You can explore the documentation for numpy at You will find documentation for scipy at the same location. For mahotas, you can look at its online documentation.

However, Python has a really good online documentation system. You can invoke it with help(name) or, if you are using ipython just by typing a question mark after the name of the function you are interested in. For example, if you want details on the mahotas.regmax function:

In [2]: mh.regmax?
Type:        function
String form: <function regmax at 0x7fda440301b8>
File:        /home/luispedro/.anaconda/lib/python2.7/site-packages/mahotas/
Definition:  mh.regmax(f, Bc=None, out=None, output=None)
filtered = regmax(f, Bc={3x3 cross}, out={np.empty(f.shape, bool)})

Regional maxima. This is a stricter criterion than the local maxima as
it takes the whole object into account and not just the neighbourhood
defined by ``Bc``::

    0 0 0 0 0
    0 0 2 0 0
    0 0 2 0 0
    0 0 3 0 0
    0 0 3 0 0
    0 0 0 0 0

The top 2 is a local maximum because it has the maximal value in its
neighbourhood, but it is not a regional maximum.

f : ndarray
Bc : ndarray, optional
    structuring element
out : ndarray, optional
    Used for output. Must be Boolean ndarray of same size as `f`

filtered : ndarray
    boolean image of same size as f.

See Also
locmax : function
    Local maxima. The local maxima are a superset of the regional maxima

All the projects listed above have very complete documentation. You can also get information on methods of an object by typing, in ipython, something like img.ptp? where img is a numpy array to get information on the ptp function (which returns img.max() - img.min(), by the way).


  1. Strictly speaking, this is not true. There is also the Python Imaging Library (PIL), which is not the same as numpy (in fact, you have to convert back and forth). For the kind of image processing that I will be talking about, this does not matter as PIL is targeted towards other types of image manipulation.

  2. This is so useful that, if you are familiar with the shell, you might consider setting up an alias pylab=ipython -pylab. The pylab argument also imports several numerical packages (including numpy, which is named np, scipy, and pylab).

  3. For the curious, I contrast stretched the image for this tutorial.

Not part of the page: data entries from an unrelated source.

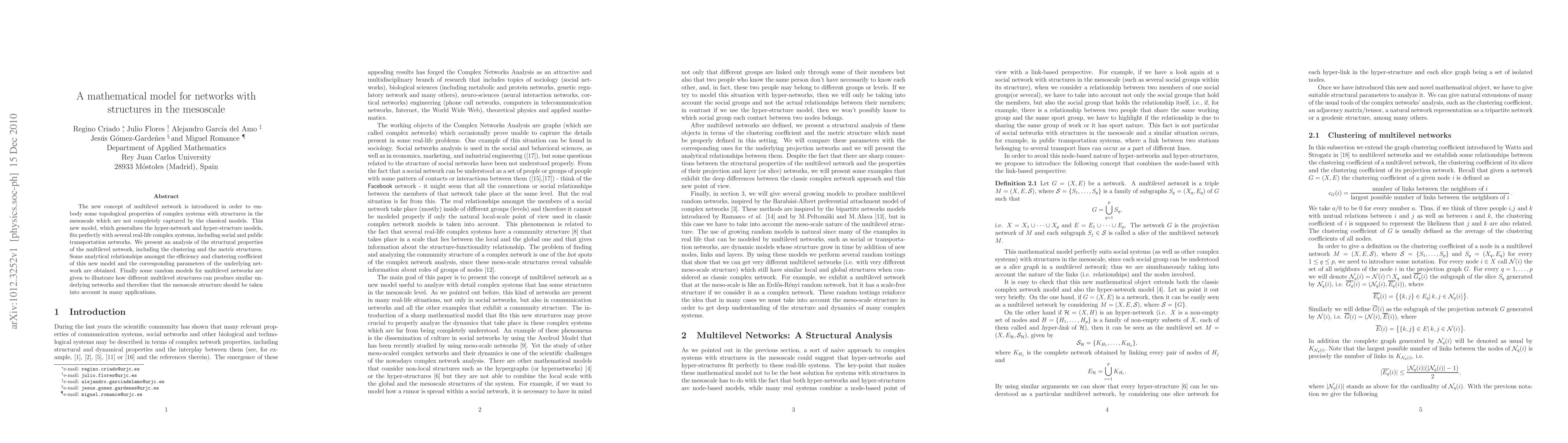 The new concept of multilevel network is introduced in order to embody some topological properties of complex systems with structures in the mesoscale which are not completely captured by the classical models. This new model, which generalizes the hyper-network and hyper-structure models, fits perfectly with several real-life complex systems, including social and public transportation networks. We present an analysis of the structural properties of the multilevel network, including the clustering and the metric structures. Some analytical relationships amongst the efficiency and clustering coefficient of this new model and the corresponding parameters of the underlying network are obtained. Finally some random models for multilevel networks are given to illustrate how different multilevel structures can produce similar underlying networks and therefore that the mesoscale structure should be taken into account in many applications.
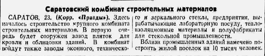 В газете «Правда» 24 октября 1945 года на третьей странице вышла заметка под заголовком «Саратовский комбинат строительных материалов». Корреспондент рассказывает: «В Саратове началось строительство крупного комбината строительных материалов. Автор газетного материала сообщает, «что вблизи промышленных зданий намечено построить жилой поселок на 10 тысяч человек». [32]
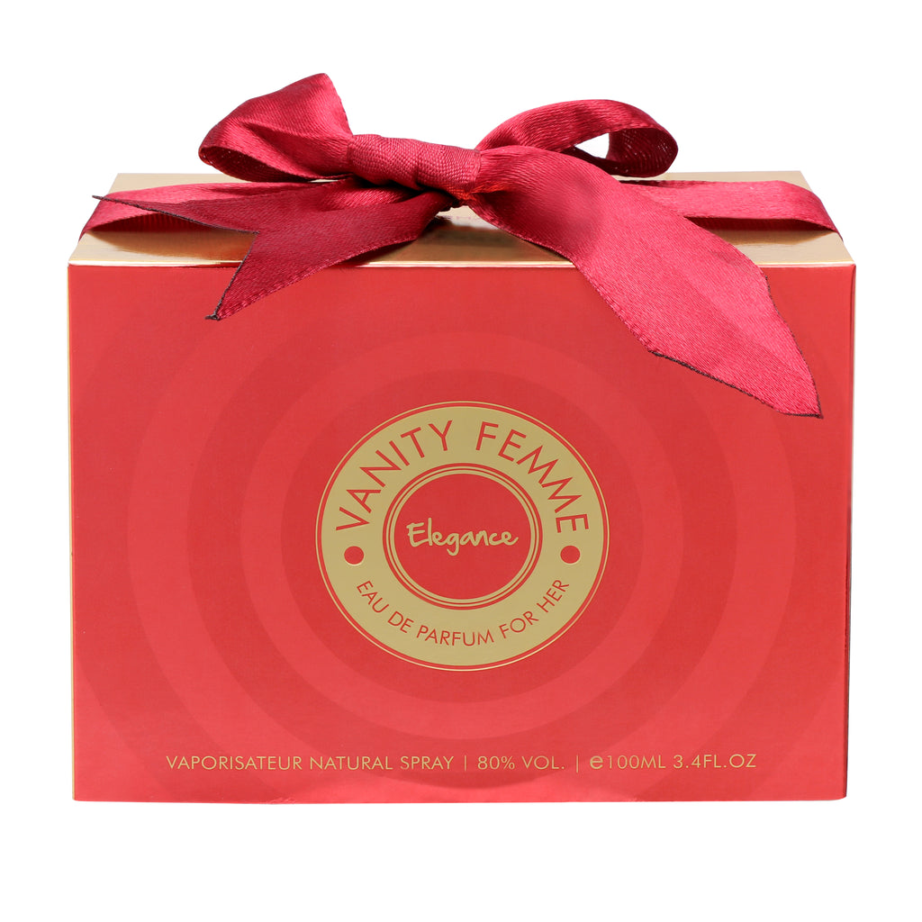 Vanity Femme Elegance by Armaf is a Floral Fruity fragrance for women. Top notes are Black Currant, Aldehydes, Raspberry, and Peach; middle notes are Gardenia, Tuberose, Peony, Ylang-Ylang, and Rose; base notes are Vanilla, Sandalwood, Amber, Cashmere Wood, Cedar, and Musk.
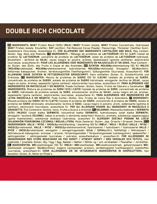 Grazie alla sua composizione, la proteina Whey Gold Standard è di qualità ottimale e agisce efficacemente per favorire lo sviluppo muscolare. Contiene solo 1,3 g di carboidrati e 1,4 g di grassi per porzione, un valore molto basso che aiuta a controllare il più possibile l'assunzione di zuccheri, in particolare durante i periodi di costruzione della massa muscolare magra.

  4. If you are not too familiar with Python, you might not be comfortable with the dna // 2 notation. While 4 divided by 2 is obviously 2, it is not always clear what 3 divided by 2 should be. The integer division answer is that it’s 1 (with remainder 1), while the floating-point division answer is that it is 1.5. In Python, the // operator always gives you the integer division, while / used to give you integer division and now gives you the floating-point one. [^5]: In practice this is not the most efficient way to do this. The same operation can be done much faster using for obj in at_border: whole *= (whole != obj). Multiplying or adding boolean arrays might seem strange at first, but it’s a very useful idiom.